İlk işaretler akut zehirlenme insanlarda, bu tür havada 6 saat kaldıktan sonra 0.125 mg / l'lik bir gaz konsantrasyonunda ortaya çıkarlar. sakin durum ve 4 saat sonra - hafif fiziksel çalışma ile. Havadaki toksik karbon monoksit dozları 0,25 - 0,5 mg/l'dir. Uzun süre maruz kaldıklarında baş ağrısına, baş dönmesine, çarpıntıya, mide bulantısına ve bayılmaya neden olurlar.

Kükürt dioksit. Atmosfere esas olarak kükürt (kömür) bakımından zengin yakıtların elektrik santrallerinde ve diğer işletmelerde yakılması sonucu girer. Şehirlerde, bu en yaygın olanıdır. Kimyasal madde, havayı kirletiyor. Üretimde, kükürt cevherlerinin kavrulması ve eritilmesi, kumaşların boyanması vb. Sırasında kükürt dioksit oluşur. Konutlarda, yalnızca fırınlar kömürle ateşlendiğinde ortaya çıkabilir.

Sülfür dioksitin toksik etkisi, gözlerin ve üst solunum yollarının mukoza zarlarının tahrişinde ifade edilir. Kronik zehirlenmelerde üst solunum yollarında ve bronşlarda konjonktivit ve nezle görülür. Koku ile kükürtlü gaz hissetme eşiği 0.002-0.003 mg / l aralığındadır, 0.02 mg / l'lik bir konsantrasyon ve daha fazlası mukoza zarının tahriş olmasına neden olur.
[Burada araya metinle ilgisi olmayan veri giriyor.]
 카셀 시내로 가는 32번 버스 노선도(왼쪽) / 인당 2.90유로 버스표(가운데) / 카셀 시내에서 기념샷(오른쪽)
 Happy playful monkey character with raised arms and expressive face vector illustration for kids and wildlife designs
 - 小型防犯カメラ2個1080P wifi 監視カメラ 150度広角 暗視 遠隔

Kükürt dioksit, özellikle iğne yapraklı ağaçlar olmak üzere bitki örtüsü üzerinde zararlı bir etkiye sahiptir.

Doktor Çalışma Kardiyoloji Anabilim Dalı'nda yapıldı ve genel terapi FGU "Eğitimsel ve Bilimsel sağlık Merkezi» Rusya Federasyonu Başkanlığı Bilimsel danışmanları Dr. Tıp Bilimleri Profesör Sidorenko Boris Alekseevich tez özeti

RF Bilimsel danışmanları: doktortıbbiBilimler, Profesör Sidorenko Boris Alekseevich doktor biyolojik Bilimler, Profesör Nosikov Valery Vyacheslavovich...
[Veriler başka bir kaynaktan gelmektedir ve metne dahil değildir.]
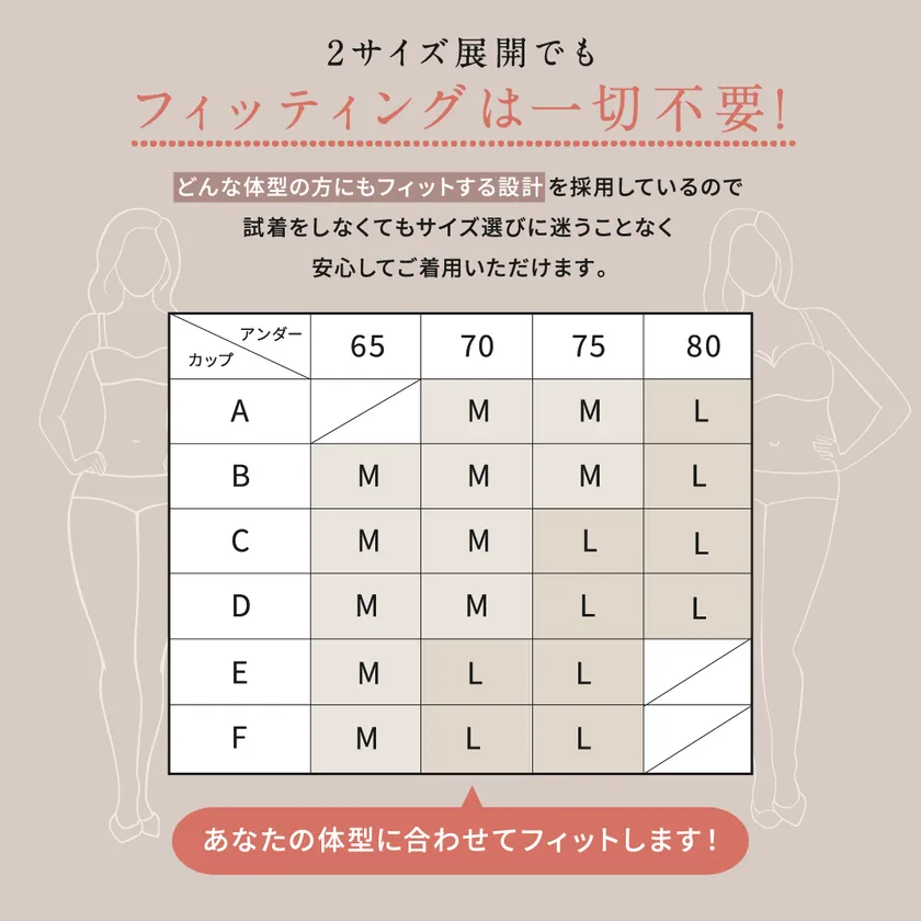どんな体型にもフィットする設計を採用しているので、試着をしなくてもサイズ選びに迷うことなく安心してご着用いただけます。

HAVANIN FİZİKSEL ÖZELLİKLERİ VE HİJYENİK ÖNEMİ

Bir kişinin yaşamını, refahını ve performansını etkileyen hava ortamının ana faktörleri şunları içerir: fiziksel - güneş radyasyonu, sıcaklık, nem, hava hızı, barometrik basınç, elektrik durumu, radyoaktivite; oksijen, nitrojen, karbon dioksit ve diğerlerinin kimyasal içeriği oluşturan parçalar ve safsızlıklar; mekanik kirleticiler - toz, duman ve mikroorganizmalar. Bu faktörlerin hem birlikte hem de bireysel olarak vücut üzerinde olumsuz bir etkisi olabilir. Bu nedenle hijyen, olumlu ve olumsuz yönlerini inceleme görevi ile karşı karşıyadır. Kötü etkisi ve olumlu özellikleri kullanmak için önlemler geliştirmek ( güneşlenmek, sertleştirme prosedürleri, iklimsel arıtma vb.) ve önleme için zararlı etki(güneş yanığı, soğutma, aşırı ısınma vb.).

Sıcaklık

Atmosferik hava, emdikleri güneş enerjisi nedeniyle esas olarak topraktan ve sudan ısıtılır. Bu, gün doğumundan önceki düşük sıcaklığı ve dünyanın yüzey tabakasının maksimuma kadar ısındığı 13-15 saat arasındaki maksimum sıcaklığı açıklar.

Hava sıcaklığı, tesislerin mikro iklimi üzerinde çok önemli bir etkiye sahiptir (iklim İç ortam insan vücuduna etki eden sıcaklık, nem ve hava hızı kombinasyonlarının yanı sıra çevreleyen yüzeylerin sıcaklığı ile belirlenen tesisler).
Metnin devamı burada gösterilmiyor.